TASK BRIEF >>
An exact repeat is needed of the lines from the one with "Sudadera blanca Reebok" through the last line of the data below. Please omit the pictures.

____________

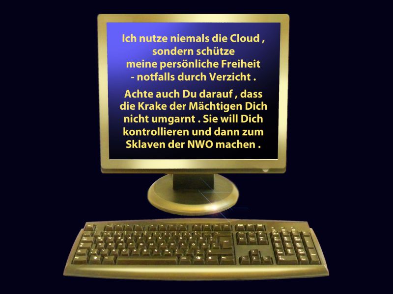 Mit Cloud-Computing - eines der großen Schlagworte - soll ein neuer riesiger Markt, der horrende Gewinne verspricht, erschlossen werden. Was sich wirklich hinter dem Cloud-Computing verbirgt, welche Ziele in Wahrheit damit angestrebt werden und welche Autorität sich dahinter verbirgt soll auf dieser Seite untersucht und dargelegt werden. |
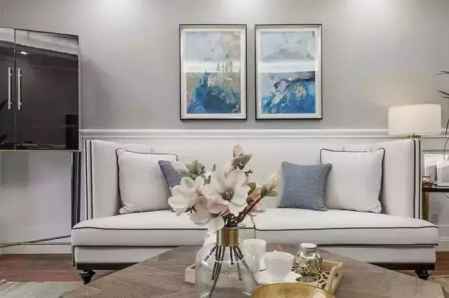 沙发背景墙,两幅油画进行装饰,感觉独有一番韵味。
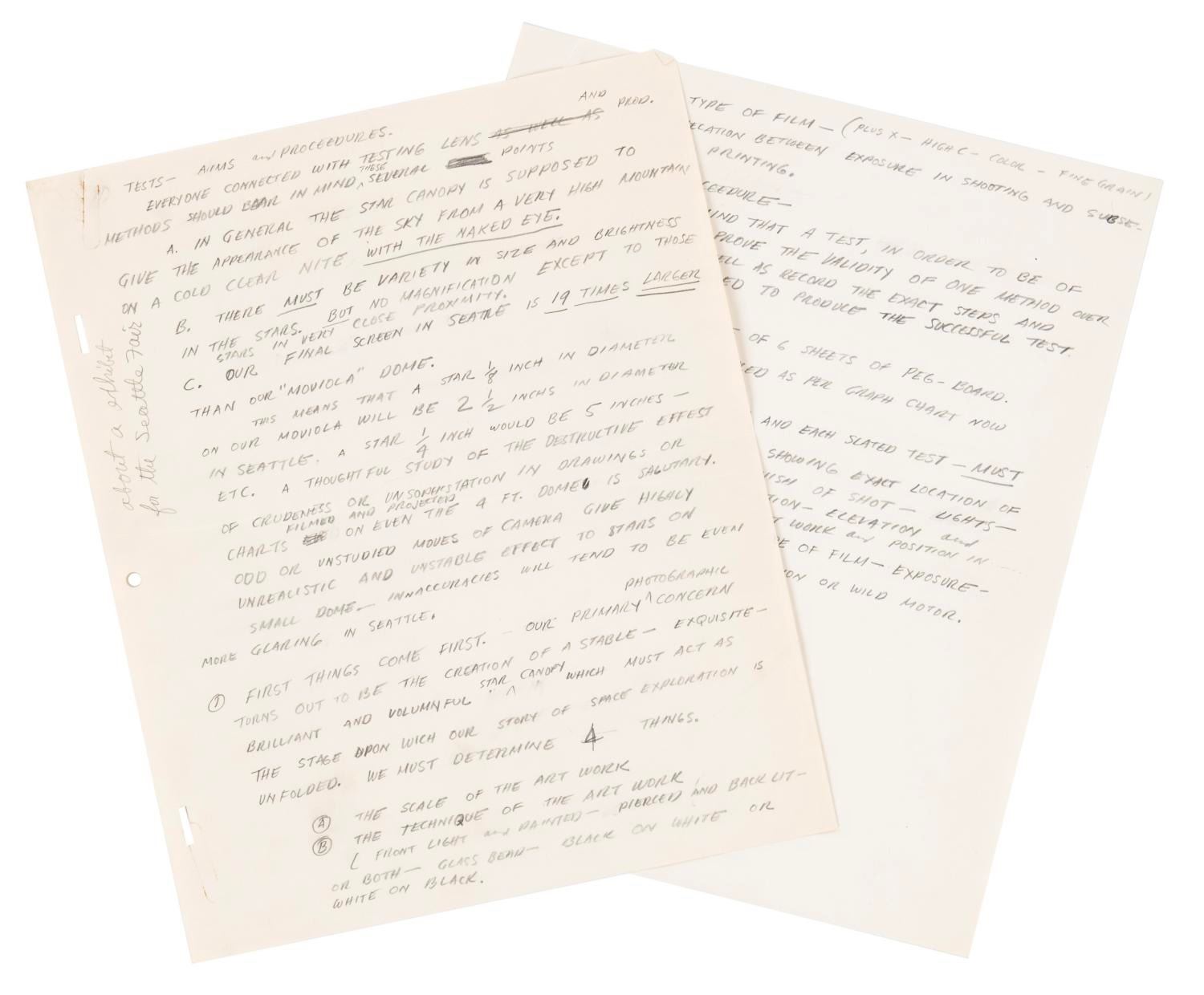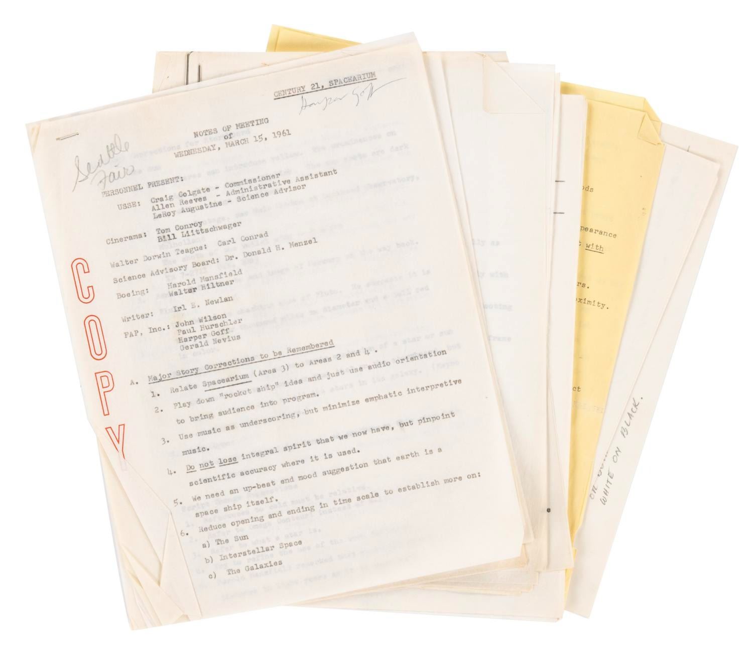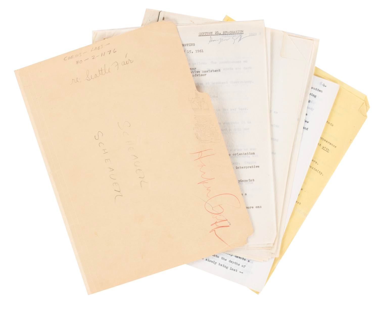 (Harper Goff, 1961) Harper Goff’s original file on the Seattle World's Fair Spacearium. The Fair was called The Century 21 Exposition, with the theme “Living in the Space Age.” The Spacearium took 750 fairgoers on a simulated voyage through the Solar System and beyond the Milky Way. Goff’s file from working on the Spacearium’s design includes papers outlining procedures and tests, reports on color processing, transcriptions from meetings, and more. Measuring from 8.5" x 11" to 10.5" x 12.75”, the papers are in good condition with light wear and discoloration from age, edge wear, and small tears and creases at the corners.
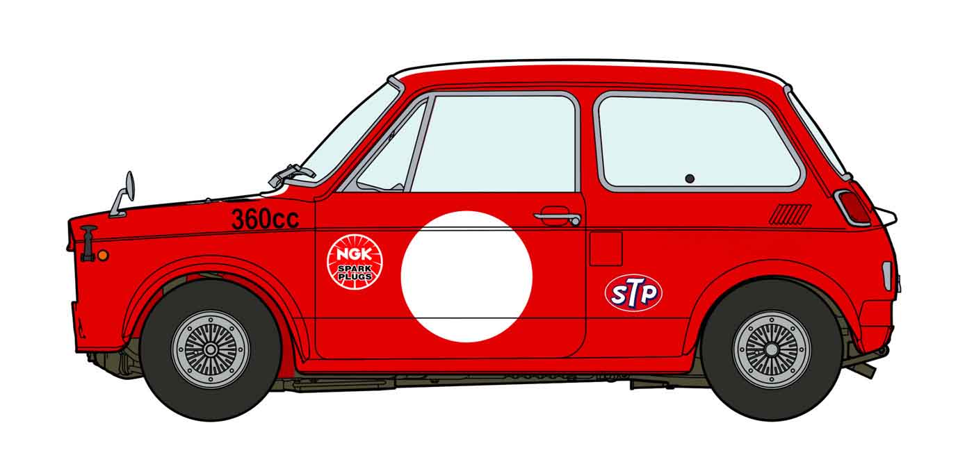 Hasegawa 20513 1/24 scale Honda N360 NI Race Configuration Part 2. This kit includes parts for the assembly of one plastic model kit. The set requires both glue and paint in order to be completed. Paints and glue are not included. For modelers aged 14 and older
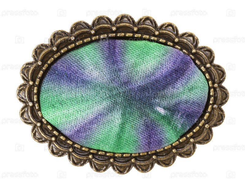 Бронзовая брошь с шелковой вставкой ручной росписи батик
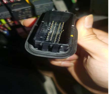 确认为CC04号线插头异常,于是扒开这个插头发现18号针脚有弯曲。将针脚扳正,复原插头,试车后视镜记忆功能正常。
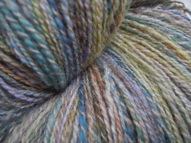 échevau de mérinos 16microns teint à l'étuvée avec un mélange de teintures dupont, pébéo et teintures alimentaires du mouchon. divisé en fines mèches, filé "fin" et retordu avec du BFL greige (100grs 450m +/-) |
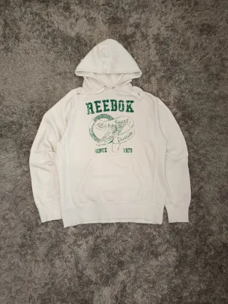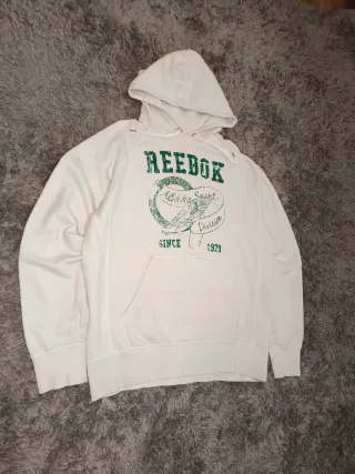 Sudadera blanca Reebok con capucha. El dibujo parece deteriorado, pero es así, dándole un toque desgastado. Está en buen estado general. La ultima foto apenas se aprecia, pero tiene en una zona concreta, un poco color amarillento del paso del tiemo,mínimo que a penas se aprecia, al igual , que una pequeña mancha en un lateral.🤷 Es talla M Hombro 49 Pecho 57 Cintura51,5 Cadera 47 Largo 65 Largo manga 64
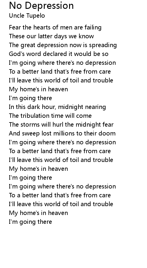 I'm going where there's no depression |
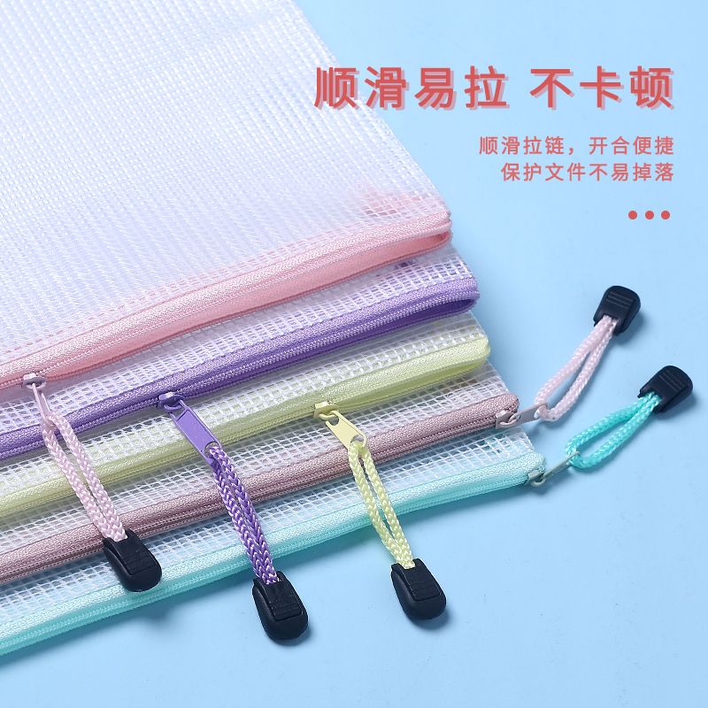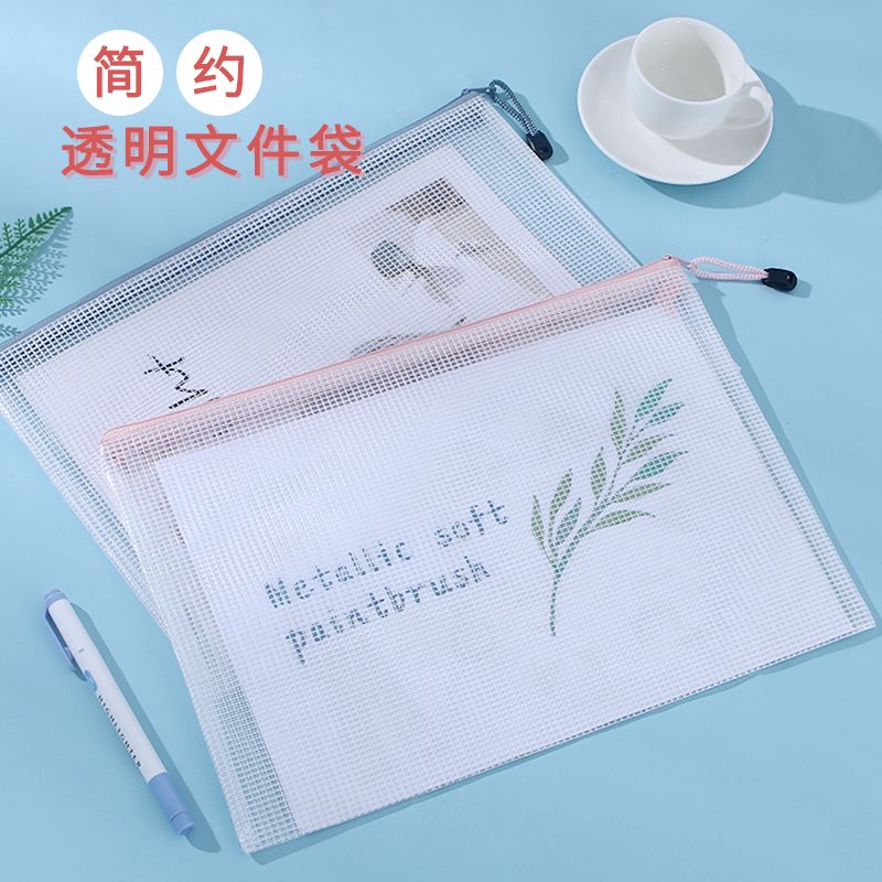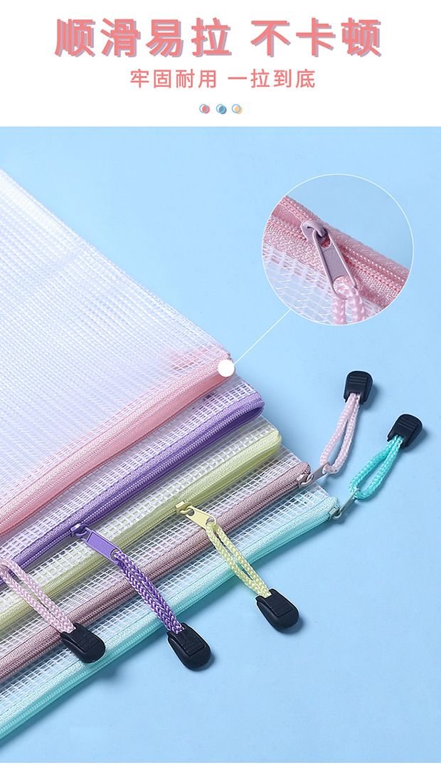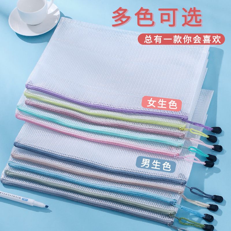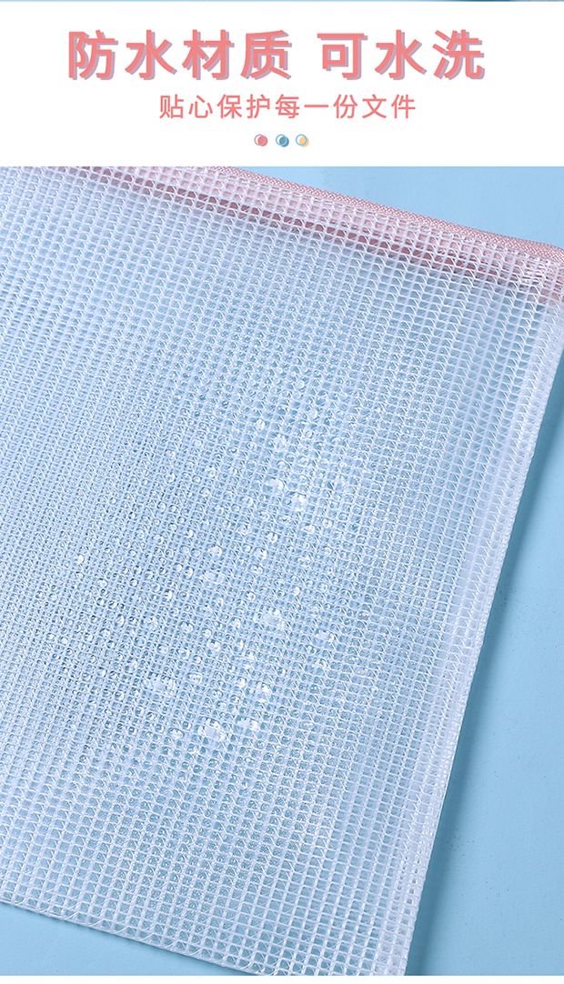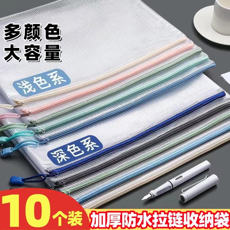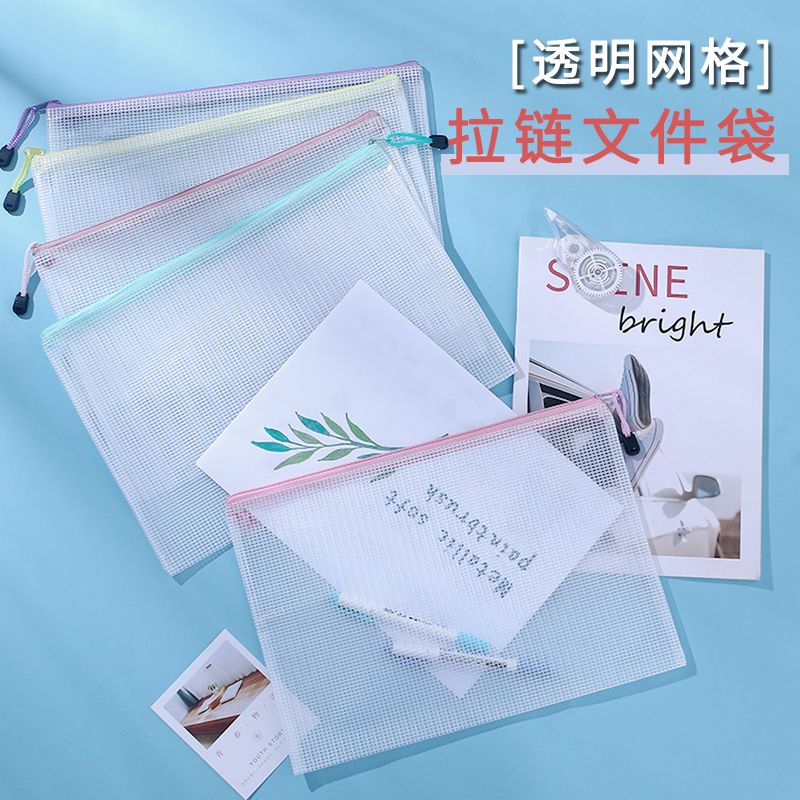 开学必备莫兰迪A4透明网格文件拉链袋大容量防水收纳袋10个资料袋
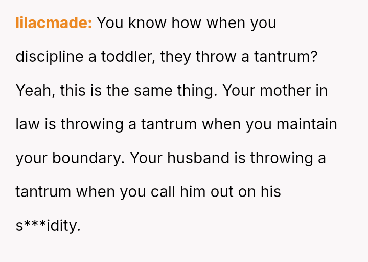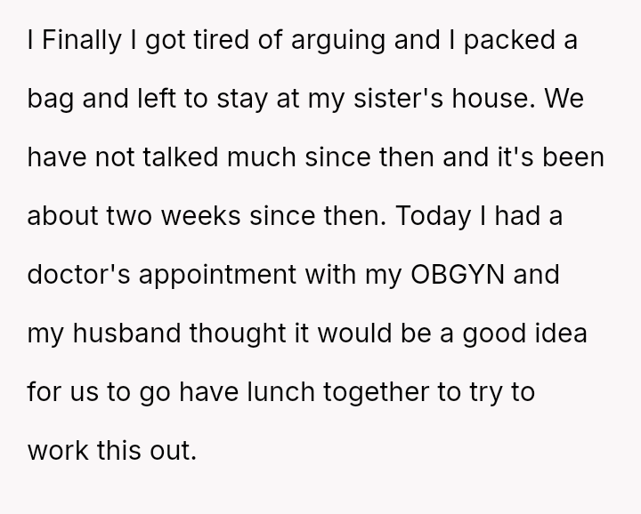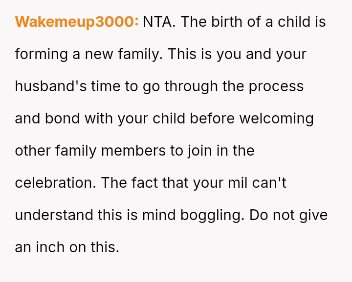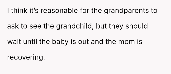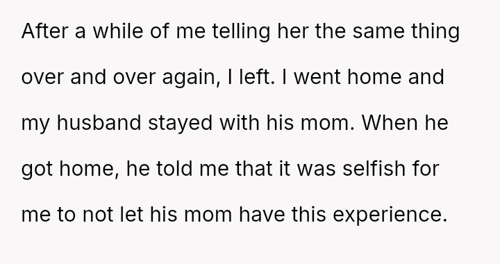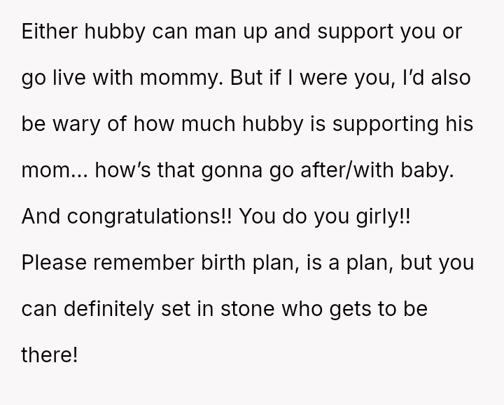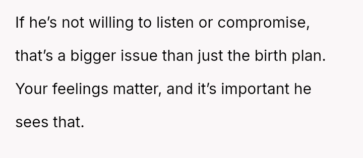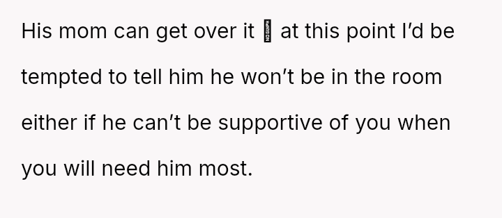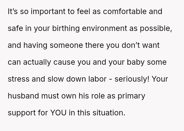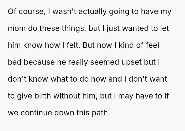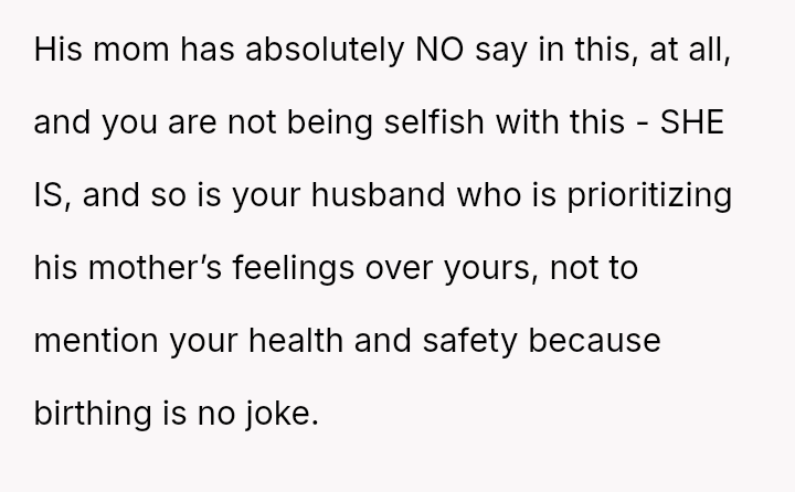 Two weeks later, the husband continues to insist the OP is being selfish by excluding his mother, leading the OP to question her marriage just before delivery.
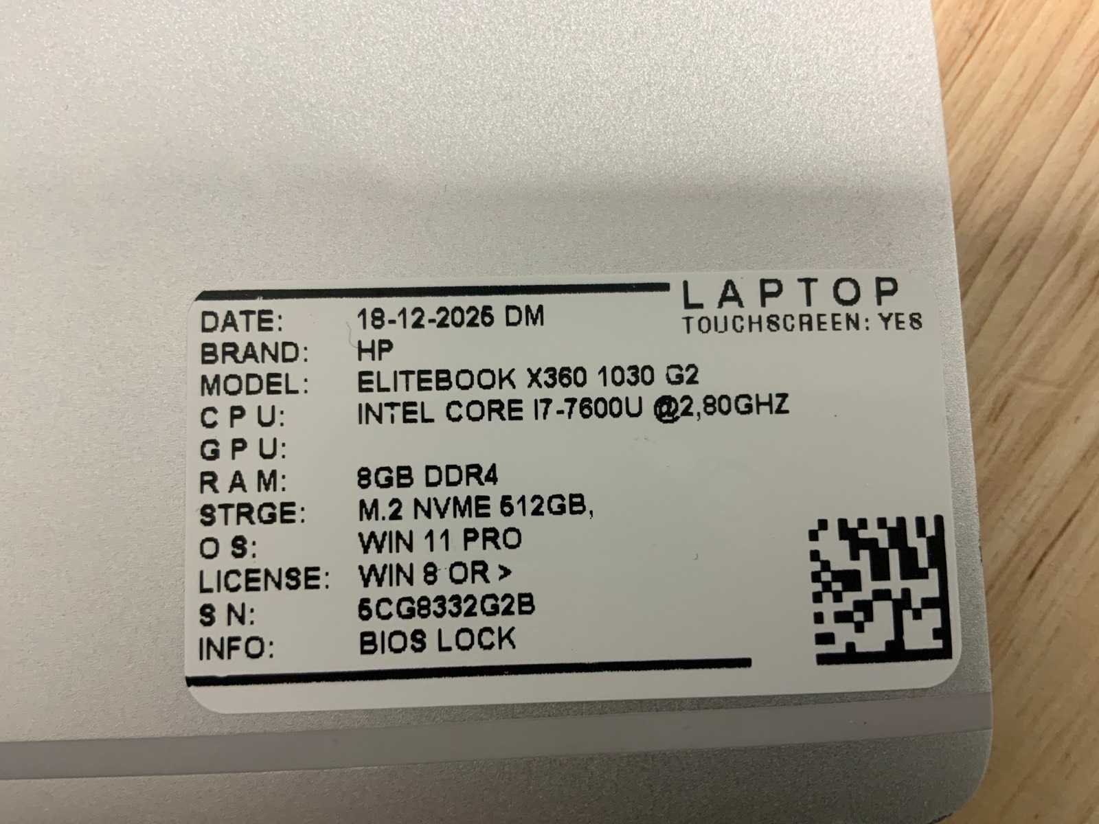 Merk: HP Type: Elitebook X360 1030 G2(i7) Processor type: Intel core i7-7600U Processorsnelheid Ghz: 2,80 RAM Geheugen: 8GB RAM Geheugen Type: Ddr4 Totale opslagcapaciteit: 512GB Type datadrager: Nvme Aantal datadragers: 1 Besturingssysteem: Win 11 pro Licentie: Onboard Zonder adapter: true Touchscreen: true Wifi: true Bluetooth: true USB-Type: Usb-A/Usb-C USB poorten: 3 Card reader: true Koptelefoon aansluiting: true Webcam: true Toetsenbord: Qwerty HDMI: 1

____________

ANSWER TO THIS PROBLEM >>
 Sudadera blanca Reebok con capucha. El dibujo parece deteriorado, pero es así, dándole un toque desgastado. Está en buen estado general. La ultima foto apenas se aprecia, pero tiene en una zona concreta, un poco color amarillento del paso del tiemo,mínimo que a penas se aprecia, al igual , que una pequeña mancha en un lateral.🤷 Es talla M Hombro 49 Pecho 57 Cintura51,5 Cadera 47 Largo 65 Largo manga 64
 I'm going where there's no depression |
 开学必备莫兰迪A4透明网格文件拉链袋大容量防水收纳袋10个资料袋
 Two weeks later, the husband continues to insist the OP is being selfish by excluding his mother, leading the OP to question her marriage just before delivery.
 Merk: HP Type: Elitebook X360 1030 G2(i7) Processor type: Intel core i7-7600U Processorsnelheid Ghz: 2,80 RAM Geheugen: 8GB RAM Geheugen Type: Ddr4 Totale opslagcapaciteit: 512GB Type datadrager: Nvme Aantal datadragers: 1 Besturingssysteem: Win 11 pro Licentie: Onboard Zonder adapter: true Touchscreen: true Wifi: true Bluetooth: true USB-Type: Usb-A/Usb-C USB poorten: 3 Card reader: true Koptelefoon aansluiting: true Webcam: true Toetsenbord: Qwerty HDMI: 1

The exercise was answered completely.